When I was nineteen I got a job in a retail store that paid about $7 an hour. For a couple of years I lived on less than $900 a month. I shared a two-bedroom apartment in the heart of downtown Toronto, and my roommate and I paid $450 each, utilities included (that apartment is probably about $2000 a month now, twelve years later). I lived on the "envelope system," long before I had even heard anyone else speak of it. It just made sense to me. Every two weeks when I got paid I cashed my cheque and divided up the money into five blue letter-sized envelopes which I kept in my bedroom: one each for rent, food, phone bill, transit pass and spending money. My only spending weakness (besides cigarettes) was an almost daily visit to the sub shop to have a sandwich for lunch. If I wanted to buy something, like a purse, I would forfeit my subs for a few days until I had enough money to buy what I wanted. I continued to save coins, which I would roll up from time to time and deposit into a savings account. In one year I saved over $1000 which I used to rent recording equipment to make a demo tape for my band.

It was at the age of twenty-one that I decided to apply for a student loan to go to college. I don't know why I didn't try to save up to go, but I wish now that I had. I think I was afraid that I would never have enough to pay for school, and having the loans meant I could start my education immediately instead of having to wait - and work - a few more years. I think as well it was this first loan that started to change my mind about money, because it was so easy to get, the amount was so substantial ($7000 - more money than I had ever seen all at once), and I believed that it was "good debt." I knew I would be in school (and in debt) a long time, with my academic background, but I was thinking of becoming a teacher, and I assumed I would make a lot of money and would be able to pay back the student loans quickly.

Now, more than thirteen years later, I am not a teacher, but a secretary. But I have been taught a lot. I know now that it was my lack of self-awareness that let my mindset about my finances spiral out of control. I have learned my lesson just in time, so that I can now teach my son very valuable lessons about money.

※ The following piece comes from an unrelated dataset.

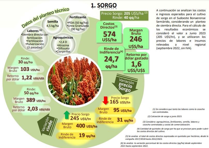 En el presente informe se analizan los costos e ingresos estimados para los cultivos de sorgo, maíz, soja y girasol en la campaña 2022/2023, teniendo en consideración un planteo productivo del Sudoeste Bonaerense Semiárido.
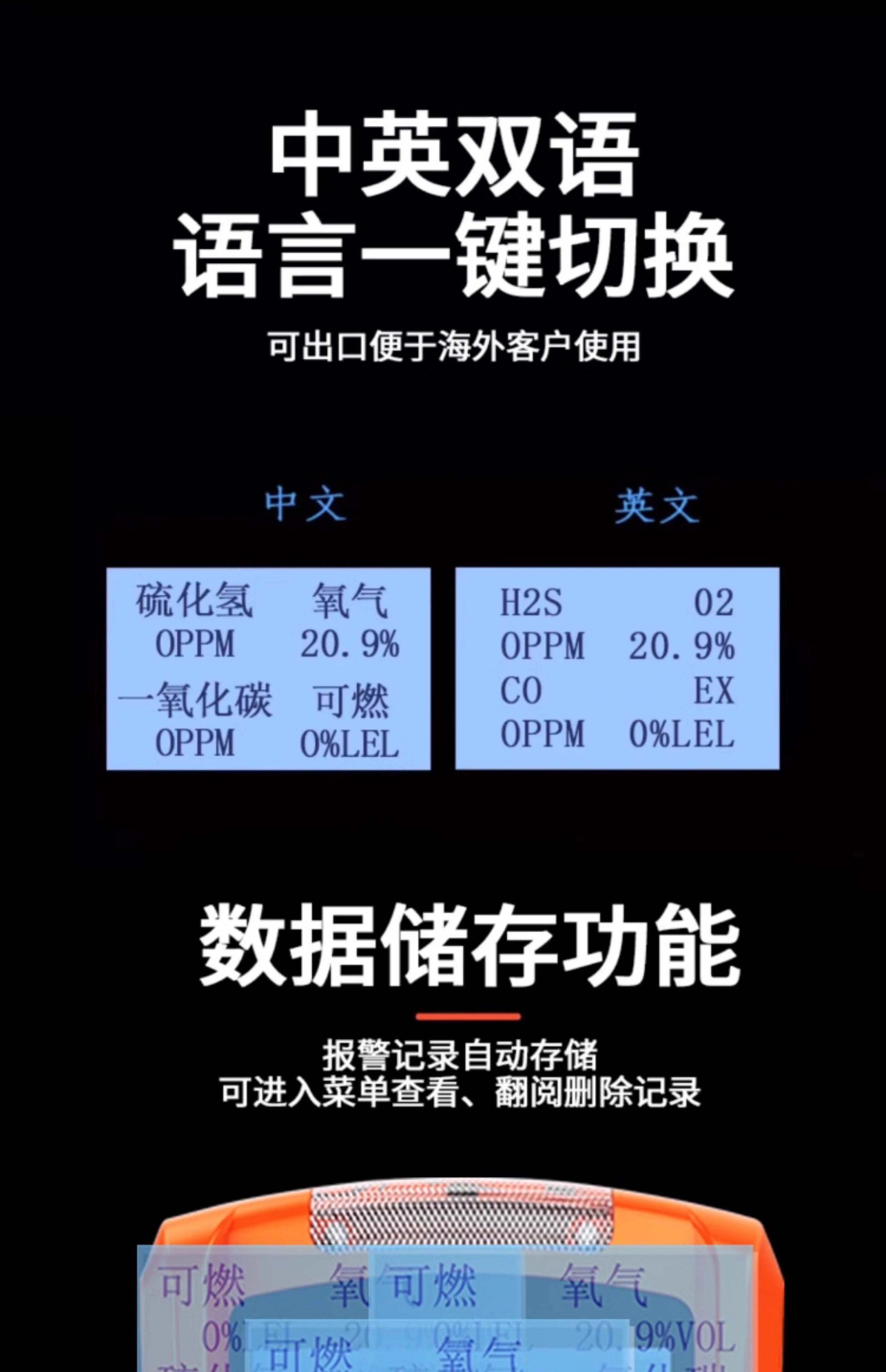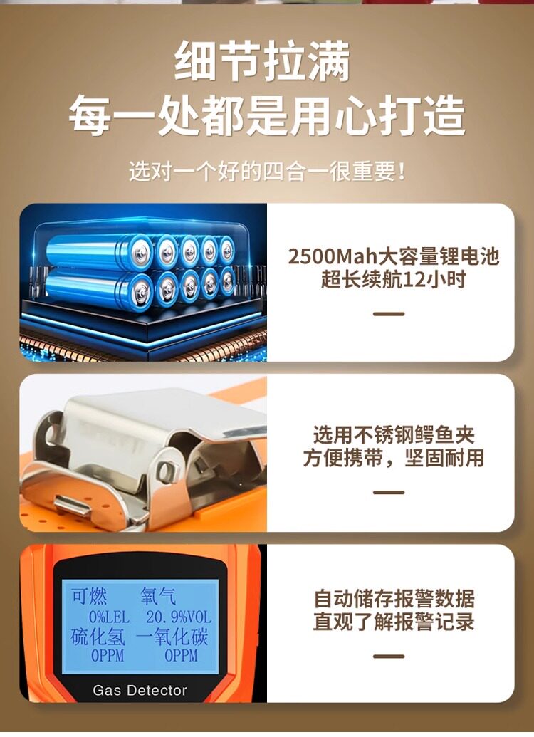 Portable Multifunctional Gas Detection Instrument, Four-In-One Alarm, Toxic Concentration Detector for Limited Spaces

  1. Financial Peace is not a success only journey. The important thing is that you have learned how you want to manage your life going forward and how you want to model money/life management for your son. You should be proud that you are taking your future into your own hands! Good for you!

  2. Thanks for your kind words. It's been a tough go at times, and any and all encouragement is much appreciated.

  3. Take peace in the knowledge that you are acting now to get out of debt. I personally think that student loan debt is a good debt. I wouldn't be where I'm at now and where I plan to be in the future without the help of student loans. I take things one day @ a time, and make baby steps when it comes to money. You have success in the past, it'll happen again. Snuggle with your little bean and enjoy the journey :)

  4. This is a fabulous story, but I don't think you should have regrets about your student loans. You are going to get out of this hole. The light is already at the end of the tunnel.

  5. Thanks everyone for the encouragement. It is easy to have regrets, and much harder to be proud of what I have accomplished.

  6. You've already been there so it'll be easy to get back. Think of it that way :)

    You're going to be fine because the light is there, as Kate says.

    I have plenty of regrets but the journey is what matters. Corny but true. Now I have the 'tools' for my whole life.